Дискурс-анализ на основе корпуса: Сравнительное исследование программ AntConc и Praaline
Аннотация
Дискурс-анализ на основе корпуса стал одним из ключевых методологических подходов в прикладной лингвистике, особенно в рамках дискурсивных исследований. Интеграция специализированных программных средств значительно расширяет возможности систематического изучения дискурса на больших корпусах. В данной статье представлен сравнительный анализ двух широко используемых инструментов корпусного анализа – AntConc и Praaline (дополнение программы Praat), а также содержится описательный обзор функционала обеих программ. Сравнительное исследование сосредоточено на функциях, областях применения, сильных сторонах и ограничениях AntConc и Praaline в контексте анализа устной речи. В результате углублённого анализа автор приходит к выводу, что AntConc наиболее эффективен в работе с текстовой конкорданцией и анализом ключевых слов, тогда как связка Praaline предоставляет более гибкие возможности для мультимодального анализа, особенно в части фонетических и просодических характеристик. Кроме того, в статье рассматривается, как эти инструменты поддерживают разнообразные исследовательские задачи — от педагогических до социолингвистических и прагматических, что делает их незаменимыми в современной лингвистической науке.Ключевые слова:
Корпус дискурс-анализ автоматическая аннотация AntConc Praaline просодия речиIntroduction
Corpus-based discourse analysis (CBDA) investigates how language is used in context through the lens of large datasets called corpora. CBDA integrates the principles of discourse analysis with corpus linguistics. Unlike traditional discourse analysis, which often relies on manual and qualitative methods, CBDA incorporates quantitative techniques such as frequency counts, concordances, and collocations to identify patterns of discourse features across large datasets (Baker, 2006; Partington et al., 2013). Corpus, the plural of which is corpora, is defined as “a body of written or transcribed speech which can serve as a basis for linguistic analysis and description” (Kennedy, 1998, p.1). Two major types of corpora are used in CBDA: written corpora (e.g., newspapers, academic texts) and spoken corpora (e.g., interviews, conversations, classroom discourse). The analysis of spoken corpora presents unique challenges as elements of prosody, pauses, overlaps, and non-verbal cues are present. Researchers dealing with speech data often use diverse tools, data formats and metadata which require collaborative workflows. Therefore, tools compatible with both text-based and audio-based analysis are essential in this field. With the increasing availability of spoken corpora and the need for multimodal analysis, researchers now rely on specialized tools to annotate, analyze, and visualize discourse features. Among these tools, AntConc and Praaline have gained prominence.
Literature Review
AntConc, a freeware corpus analysis toolkit aimed for text-based corpora, was created by Laurence Anthony in 2005. It enables users to examine written or transcribed corpora using data-driven analysis. The application is suitable for N-gram analysis, lexical bundles, collocation analysis, concordancing, and keyword and frequency analysis. Made freely available to the public, AntConc can be downloaded directly from the official website as a single executable file. Creating a full list of every word in the corpus is one of the tasks a researcher can accomplish with AntConc. AntConc’s wordlist can be arranged either by frequency or alphabetically, just like other corpus analysis tools. AntConc’s extra features like word analysis and reverse ordering are what makes it stand out among other available tools.

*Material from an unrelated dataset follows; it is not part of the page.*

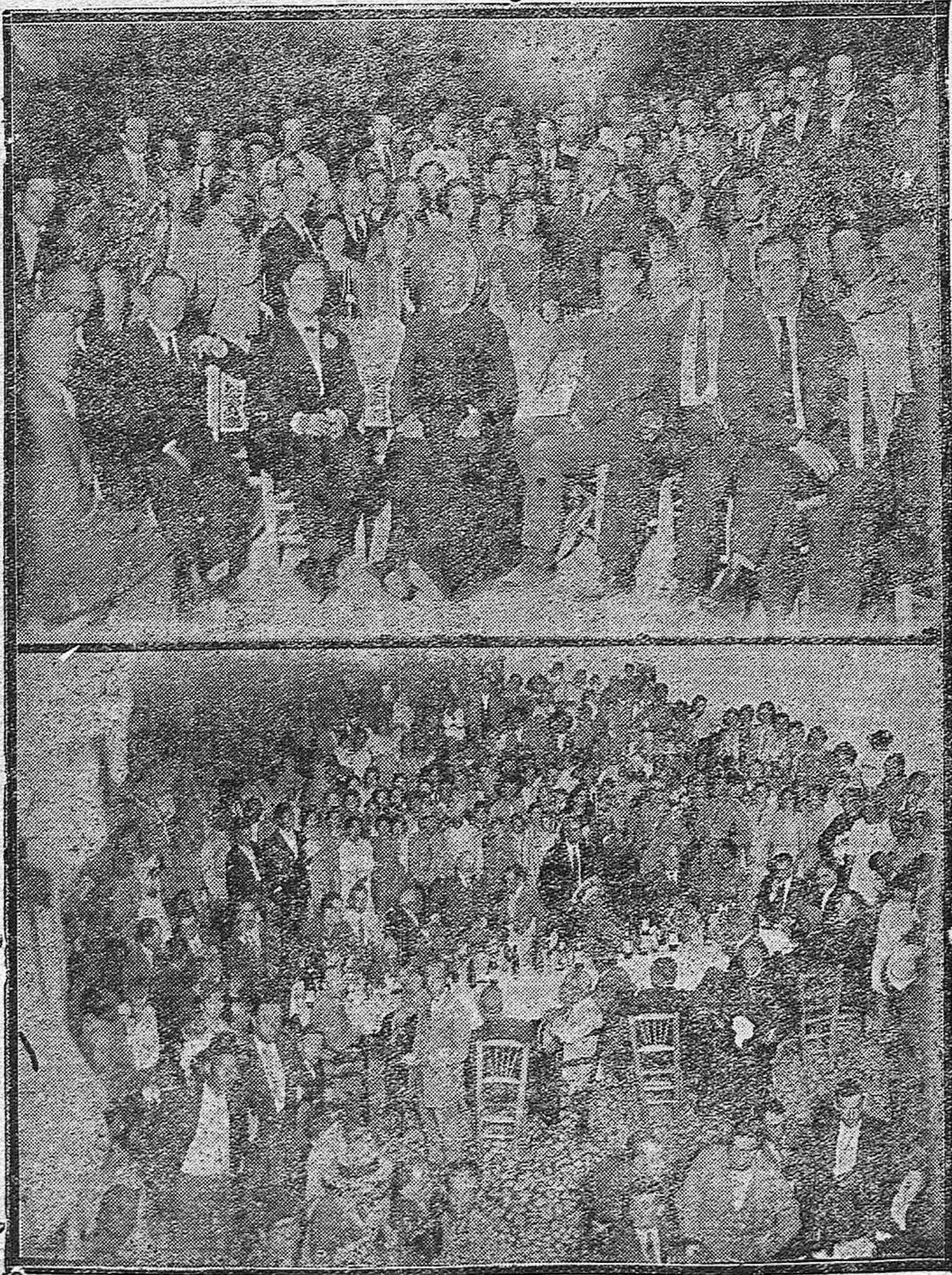
Albendín (Baena).—Banquete popular en honor de las autoridades, con motivo de la traida de aguas e inauguracion de las fuen es públicas.—Mesa presidencial en la plaza del General Primo de Rivera.

The primary function of AntConc is the Concordancer, much like other corpus analysis tools. As stated by Sun and Wang (2003) concordancers aid in tracking the development of a second language by boosting vocabulary acquisition, grammatical accuracy, and writing proficiency. Users can use this tool to look at how particular terms are used across the corpus. Simple words, phrases, or even entire regular expressions (REGEX) can be used as search terms, allowing for more flexible and in-depth queries. By choosing the N-gram option, researchers can also examine terms based on their stems. The Concordance Plot tool helps identify reoccurring patterns or keywords by graphically displaying a term’s distribution throughout a text (Anthony, 2005).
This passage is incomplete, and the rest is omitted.